Hartsough left Purdue in 1988 to expand his reach to help those in crisis. He worked with Indianapolis city and Marion County governments, often collaborating with the police departments to help individuals in crisis. Hartsough retired in 1999 and moved to Bend. Despite the 2,098 miles from Lafayette, he still feels immense pride in the Crisis Center’s now 60 years of service to the community and its people in most emotional need.
“Forming the Crisis Center was really the key to my success at Purdue and a key part of my professional life,” Hartsough recalled. “Psychological Sciences students were very involved with it the entire time I was there. … That’s something that is extremely satisfying to me.”
Students still answer the call
Corbin Adams (BS ’24) volunteered at the Crisis Center for four months during his second semester in the Purdue College of Health and Human Sciences. Then a public health major, he switched to psychological sciences after this experience manning the Crisis Center phones.
“It impacted me very positively,” said Adams, now a graduate student in clinical psychology at Indiana University-Kokomo. “It opened my eyes to how big the (mental health) problem was. It made me want to learn more and better understand and how to help them in the future.”
Adams revealed some of his four-hour shifts saw space in between calls while other shifts saw the then first-year student having to put callers on hold due to the large number of people reaching out for help. Usually, a shift is covered by one volunteer. Adams admitted the experience would get stressful but the training he received often helped himself and the callers remain calm.
“There was a lot of anxiety wanting to do your best,” Adams remembered. “The first shift was definitely nerve-wracking because you wanted to make sure that you did it right. You knew that there was a person literally talking to you that may or may not be in the process of taking their own life. Just the weight of the first shift or two just hits heavy, but after a bit you slowly get used to it. You know the drill; you know what you need to do.”
Adams remembered some calls being so intense that he was on a phone with them for more than an hour. Average calls lasted 20-30 minutes.

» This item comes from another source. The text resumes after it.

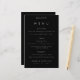 Einfache Typografie White Black Wedding Menü. Die Preisgröße beträgt 5,5" x 8,5", Sie können auch den Schriftart-Stil und die Farben und die Hintergrundfarben auf der Vorder- und Rückseite ändern, wenn Sie über die Option Klicken, um weitere Einstellungen zu vornehmen.

When a caller is suicidal, a Crisis Center volunteer’s first order of business is to separate the caller from the means they have to end their life. Ideally, they convince the caller to leave the room where the instrument is. Then, they get to know the caller — hobbies, family, job — and lead them to a better mental space.
“It was definitely a lot of adrenaline,” Adams said. “They taught us to parent and guide the client to make their own advice, to make their own decision.”

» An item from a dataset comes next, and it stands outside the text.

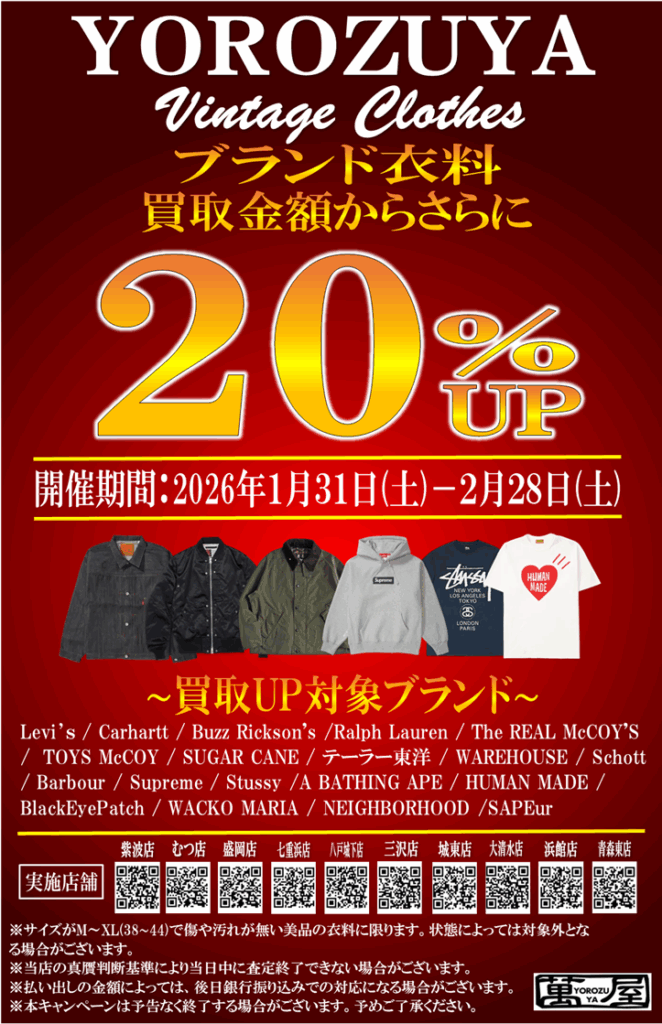 1/31から萬屋全店合同で古着一部ブランドを対象に買取20%UPを2/28まで開催致します! 詳しく...

Doug Samuel, professor of psychological sciences, has had numerous students like Adams volunteer at the Lafayette Crisis Center. The experience can be vital to a budding, future clinical psychologist.
“It’s something I encourage, and I think it’s a good option,” said Samuel of his students’ volunteering. “Those that really want to do more clinical work, the question is how do they get that experience? They can’t necessarily shadow inside therapy so that (Crisis Center) is a great program for many because it gives them the ability to get some training in terms of some of those active listening skills and things like that, which would be relevant clinically as well as getting some experience just talking to folks who are in a crisis. And hopefully they can help those folks.”